-- About this exercise --
Every entry has to be restated word for word.

──────── Extracted data ────────

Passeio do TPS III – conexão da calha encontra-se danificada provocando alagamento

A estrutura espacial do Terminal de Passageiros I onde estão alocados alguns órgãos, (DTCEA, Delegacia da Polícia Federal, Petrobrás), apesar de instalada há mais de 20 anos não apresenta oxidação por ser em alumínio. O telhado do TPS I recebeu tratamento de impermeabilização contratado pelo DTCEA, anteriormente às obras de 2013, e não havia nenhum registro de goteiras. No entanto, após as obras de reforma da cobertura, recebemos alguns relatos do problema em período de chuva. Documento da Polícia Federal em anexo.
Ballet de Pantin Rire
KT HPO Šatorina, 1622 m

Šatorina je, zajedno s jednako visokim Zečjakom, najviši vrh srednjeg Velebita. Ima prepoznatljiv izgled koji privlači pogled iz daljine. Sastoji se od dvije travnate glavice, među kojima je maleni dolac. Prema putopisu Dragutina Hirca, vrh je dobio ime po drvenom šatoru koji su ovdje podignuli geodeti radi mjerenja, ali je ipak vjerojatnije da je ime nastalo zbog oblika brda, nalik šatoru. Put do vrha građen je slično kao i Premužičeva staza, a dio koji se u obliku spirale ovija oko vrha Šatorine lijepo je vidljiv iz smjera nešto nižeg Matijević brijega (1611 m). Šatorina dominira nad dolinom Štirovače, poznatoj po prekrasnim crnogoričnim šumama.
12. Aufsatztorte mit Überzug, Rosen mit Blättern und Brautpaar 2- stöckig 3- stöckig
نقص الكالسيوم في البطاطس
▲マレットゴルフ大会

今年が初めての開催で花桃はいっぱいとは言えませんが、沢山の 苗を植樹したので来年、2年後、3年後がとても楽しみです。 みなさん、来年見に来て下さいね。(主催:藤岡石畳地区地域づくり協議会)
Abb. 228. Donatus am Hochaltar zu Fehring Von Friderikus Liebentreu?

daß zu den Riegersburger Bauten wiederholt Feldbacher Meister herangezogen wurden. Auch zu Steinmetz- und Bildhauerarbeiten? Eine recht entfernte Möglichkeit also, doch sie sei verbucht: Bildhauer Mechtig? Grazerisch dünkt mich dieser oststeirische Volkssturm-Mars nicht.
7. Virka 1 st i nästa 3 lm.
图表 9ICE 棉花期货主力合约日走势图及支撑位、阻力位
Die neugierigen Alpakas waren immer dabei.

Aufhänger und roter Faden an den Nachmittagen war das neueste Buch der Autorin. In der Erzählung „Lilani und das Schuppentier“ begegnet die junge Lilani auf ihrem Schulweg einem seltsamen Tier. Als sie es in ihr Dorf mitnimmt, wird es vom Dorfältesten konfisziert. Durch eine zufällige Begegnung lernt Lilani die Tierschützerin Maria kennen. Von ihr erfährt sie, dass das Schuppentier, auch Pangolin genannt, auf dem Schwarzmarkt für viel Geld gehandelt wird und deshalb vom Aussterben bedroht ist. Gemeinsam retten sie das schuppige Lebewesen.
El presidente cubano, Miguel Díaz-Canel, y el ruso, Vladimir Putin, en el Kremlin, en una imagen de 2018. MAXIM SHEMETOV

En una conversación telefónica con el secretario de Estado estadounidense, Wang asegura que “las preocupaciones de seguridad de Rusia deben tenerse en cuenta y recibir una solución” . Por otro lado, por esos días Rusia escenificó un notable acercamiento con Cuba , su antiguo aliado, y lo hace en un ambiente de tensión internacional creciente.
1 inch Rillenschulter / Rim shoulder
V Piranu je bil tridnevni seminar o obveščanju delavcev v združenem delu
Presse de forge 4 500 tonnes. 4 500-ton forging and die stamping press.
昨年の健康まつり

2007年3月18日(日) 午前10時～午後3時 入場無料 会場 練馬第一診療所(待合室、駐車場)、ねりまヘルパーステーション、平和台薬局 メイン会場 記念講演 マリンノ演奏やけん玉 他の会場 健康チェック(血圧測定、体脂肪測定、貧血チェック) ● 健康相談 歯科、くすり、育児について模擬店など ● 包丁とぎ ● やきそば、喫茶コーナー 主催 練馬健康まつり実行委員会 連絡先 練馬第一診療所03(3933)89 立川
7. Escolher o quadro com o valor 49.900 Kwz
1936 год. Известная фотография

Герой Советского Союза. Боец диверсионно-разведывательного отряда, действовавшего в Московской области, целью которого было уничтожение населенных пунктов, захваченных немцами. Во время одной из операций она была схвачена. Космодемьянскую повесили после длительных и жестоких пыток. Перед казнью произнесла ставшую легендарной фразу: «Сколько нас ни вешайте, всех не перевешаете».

────────

-- Exercise solution --
Passeio do TPS III – conexão da calha encontra-se danificada provocando alagamento

A estrutura espacial do Terminal de Passageiros I onde estão alocados alguns órgãos, (DTCEA, Delegacia da Polícia Federal, Petrobrás), apesar de instalada há mais de 20 anos não apresenta oxidação por ser em alumínio. O telhado do TPS I recebeu tratamento de impermeabilização contratado pelo DTCEA, anteriormente às obras de 2013, e não havia nenhum registro de goteiras. No entanto, após as obras de reforma da cobertura, recebemos alguns relatos do problema em período de chuva. Documento da Polícia Federal em anexo.
Ballet de Pantin Rire
KT HPO Šatorina, 1622 m

Šatorina je, zajedno s jednako visokim Zečjakom, najviši vrh srednjeg Velebita. Ima prepoznatljiv izgled koji privlači pogled iz daljine. Sastoji se od dvije travnate glavice, među kojima je maleni dolac. Prema putopisu Dragutina Hirca, vrh je dobio ime po drvenom šatoru koji su ovdje podignuli geodeti radi mjerenja, ali je ipak vjerojatnije da je ime nastalo zbog oblika brda, nalik šatoru. Put do vrha građen je slično kao i Premužičeva staza, a dio koji se u obliku spirale ovija oko vrha Šatorine lijepo je vidljiv iz smjera nešto nižeg Matijević brijega (1611 m). Šatorina dominira nad dolinom Štirovače, poznatoj po prekrasnim crnogoričnim šumama.
12. Aufsatztorte mit Überzug, Rosen mit Blättern und Brautpaar 2- stöckig 3- stöckig
نقص الكالسيوم في البطاطس
▲マレットゴルフ大会

今年が初めての開催で花桃はいっぱいとは言えませんが、沢山の 苗を植樹したので来年、2年後、3年後がとても楽しみです。 みなさん、来年見に来て下さいね。(主催:藤岡石畳地区地域づくり協議会)
Abb. 228. Donatus am Hochaltar zu Fehring Von Friderikus Liebentreu?

daß zu den Riegersburger Bauten wiederholt Feldbacher Meister herangezogen wurden. Auch zu Steinmetz- und Bildhauerarbeiten? Eine recht entfernte Möglichkeit also, doch sie sei verbucht: Bildhauer Mechtig? Grazerisch dünkt mich dieser oststeirische Volkssturm-Mars nicht.
7. Virka 1 st i nästa 3 lm.
图表 9ICE 棉花期货主力合约日走势图及支撑位、阻力位
Die neugierigen Alpakas waren immer dabei.

Aufhänger und roter Faden an den Nachmittagen war das neueste Buch der Autorin. In der Erzählung „Lilani und das Schuppentier“ begegnet die junge Lilani auf ihrem Schulweg einem seltsamen Tier. Als sie es in ihr Dorf mitnimmt, wird es vom Dorfältesten konfisziert. Durch eine zufällige Begegnung lernt Lilani die Tierschützerin Maria kennen. Von ihr erfährt sie, dass das Schuppentier, auch Pangolin genannt, auf dem Schwarzmarkt für viel Geld gehandelt wird und deshalb vom Aussterben bedroht ist. Gemeinsam retten sie das schuppige Lebewesen.
El presidente cubano, Miguel Díaz-Canel, y el ruso, Vladimir Putin, en el Kremlin, en una imagen de 2018. MAXIM SHEMETOV

En una conversación telefónica con el secretario de Estado estadounidense, Wang asegura que “las preocupaciones de seguridad de Rusia deben tenerse en cuenta y recibir una solución” . Por otro lado, por esos días Rusia escenificó un notable acercamiento con Cuba , su antiguo aliado, y lo hace en un ambiente de tensión internacional creciente.
1 inch Rillenschulter / Rim shoulder
V Piranu je bil tridnevni seminar o obveščanju delavcev v združenem delu
Presse de forge 4 500 tonnes. 4 500-ton forging and die stamping press.
昨年の健康まつり

2007年3月18日(日) 午前10時～午後3時 入場無料 会場 練馬第一診療所(待合室、駐車場)、ねりまヘルパーステーション、平和台薬局 メイン会場 記念講演 マリンノ演奏やけん玉 他の会場 健康チェック(血圧測定、体脂肪測定、貧血チェック) ● 健康相談 歯科、くすり、育児について模擬店など ● 包丁とぎ ● やきそば、喫茶コーナー 主催 練馬健康まつり実行委員会 連絡先 練馬第一診療所03(3933)89 立川
7. Escolher o quadro com o valor 49.900 Kwz
1936 год. Известная фотография

Герой Советского Союза. Боец диверсионно-разведывательного отряда, действовавшего в Московской области, целью которого было уничтожение населенных пунктов, захваченных немцами. Во время одной из операций она была схвачена. Космодемьянскую повесили после длительных и жестоких пыток. Перед казнью произнесла ставшую легендарной фразу: «Сколько нас ни вешайте, всех не перевешаете».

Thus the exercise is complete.